A prodrug form of ELQ-316 was synthesized to increase oral bioavailability. ELQ-334 has been reported previously without detail of its synthesis and structural characterization (11). In this report, we describe ELQ-334 synthesis with full characterization of its structure, including the results of X-ray diffraction analysis of ELQ-334 crystals. Following a procedure modified from the procedure described by Miley et al. (12), 6-fluoro-7-methoxy-2-methyl-3-(4-(4-(trifluoromethoxy)phenoxy)phenyl)quinolin-4-yl ethyl carbonate (ELQ-334) was obtained by reacting ethyl chloroformate with 6-fluoro-7-methoxy-2-methyl-3-(4-(4-(trifluoromethoxy)phenoxy)phenyl)quinolin-4(1H)-one (ELQ-316) (13) in the presence of sodium hydride at 60°C in a 95% yield as a white solid (Fig. 2). Whereas ELQ-316 decomposes at 314°C, ELQ-334 exhibits a melting point of 140°C, consistent with a significant loss of crystallinity.
FIG 2.
(A) Synthesis and presumed in vivo conversion of ELQ-316 and ELQ-334. (B) Oak Ridge thermal ellipsoid plot (ORTEP) of ELQ-334. (C) A fragment of the crystal structure of ELQ-334. Hydrogen bonds are shown by dashed lines. Thermal ellipsoids are drawn at the 30% probability level.
The Oak Ridge thermal ellipsoid plot (ORTEP) of ELQ-334 and the X-ray crystal structure of ELQ-334 containing two symmetrically independent molecules are shown in Fig. 2B and C. The central planar quinoline ring and the first phenyl ring of the diaryl ether is twisted with a 68° torsion angle around the C-2—C-15 bond. Weak intermolecular hydrogen bonding networks between both CH-N and CH-OCH3 are also observed in the crystal structures. The packing does not provide any evidence that the molecules in the crystal are connected via π-π stacking interactions. The diaryl ether group is significantly twisted from the central quinoline aromatic group to disrupt possible intermolecular π-π interactions. The absence of π-π stacking is consistent with the low melting point of 140°C.
Noncompartmental pharmacokinetic analysis of ELQ-316 and ELQ-334.

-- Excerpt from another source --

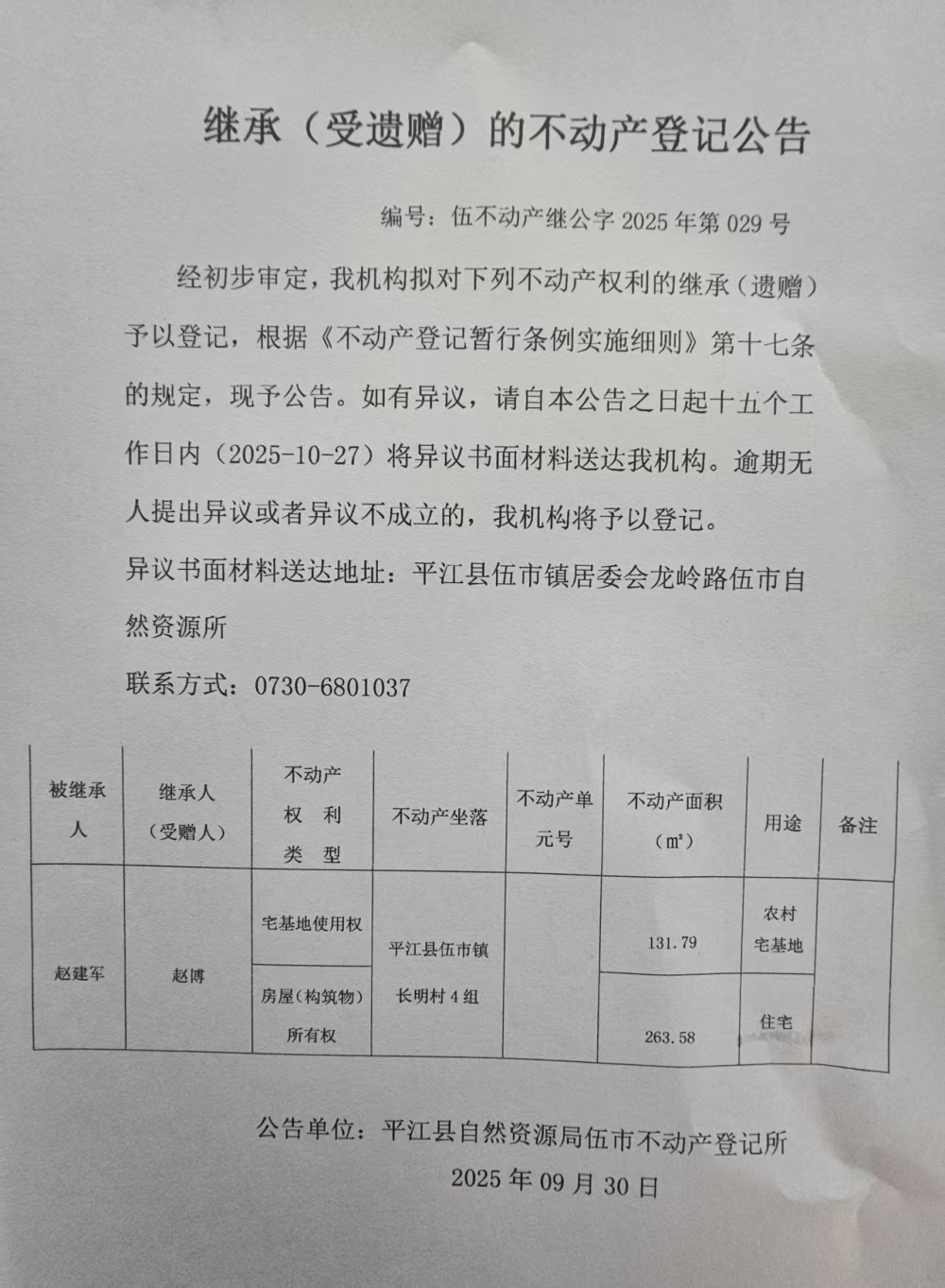 赵博 继承的不动产登记公告

ELQ-316 and ELQ-334 were administered orally to mice, and then plasma and brain concentrations were measured to compare the maximum plasma concentration (Cmax), the time to Cmax (Tmax), the area under the curve from time zero to 96 h (AUC0–96), and the half-life (t1/2) of ELQ-316 from ELQ-316 and ELQ-334 (Fig. 3). The compounds were dissolved in polyethylene glycol 400 (PEG 400) at a single dose of 10 mg/kg of ELQ-316. ELQ-334 yielded a plasma Cmax from ELQ-316 of 4,378 ng/ml, whereas the Cmax of ELQ-316 from ELQ-316 was 721 ng/ml. The Tmax of both compounds was 4 h, and the AUC0–96 was also increased approximately 6-fold to 115,195 ng · h/ml by the carbonate ester promoiety. The ELQ-316 plasma concentration of 1,665 ng/ml from ELQ-334 at 24 h and the t1/2 of 11.6 h predicts efficacy with once-daily dosing. The brain tissue concentrations of ELQ-316 from ELQ-334 were 1,543 ng/ml at 4 h and 405 ng/ml at 24 h. The brain tissue concentration-to-plasma concentration ratio was 0.35 at the plasma Tmax. By comparison, the brain concentrations achieved from the oral dose of ELQ-316 were 165 ng/g at Tmax and 75 ng/g at 24 h. The mean plasma concentration of ELQ-334 did not exceed 238 ng/ml (5% of Cmax), indicating that conversion from the prodrug (ELQ-334) to active compound (ELQ-316) occurs very quickly. Pharmacokinetic analysis was performed with PKSolver software (14).
FIG 3.
Pharmacokinetic study of ELQ-316 and ELQ-334 from oral administration of ELQ-316 or ELQ-334. Molar equivalents of 10-mg/kg ELQ-316 and ELQ-334 were administered in a single dose to mice via oral gavage in PEG 400. (A) Plasma concentrations of ELQ-316 and ELQ-334 over time after administration of ELQ-316 and ELQ-334. (B) Brain tissue concentrations of ELQ-316 after administration of ELQ-316 or ELQ-334. Error bars, standard errors of the means.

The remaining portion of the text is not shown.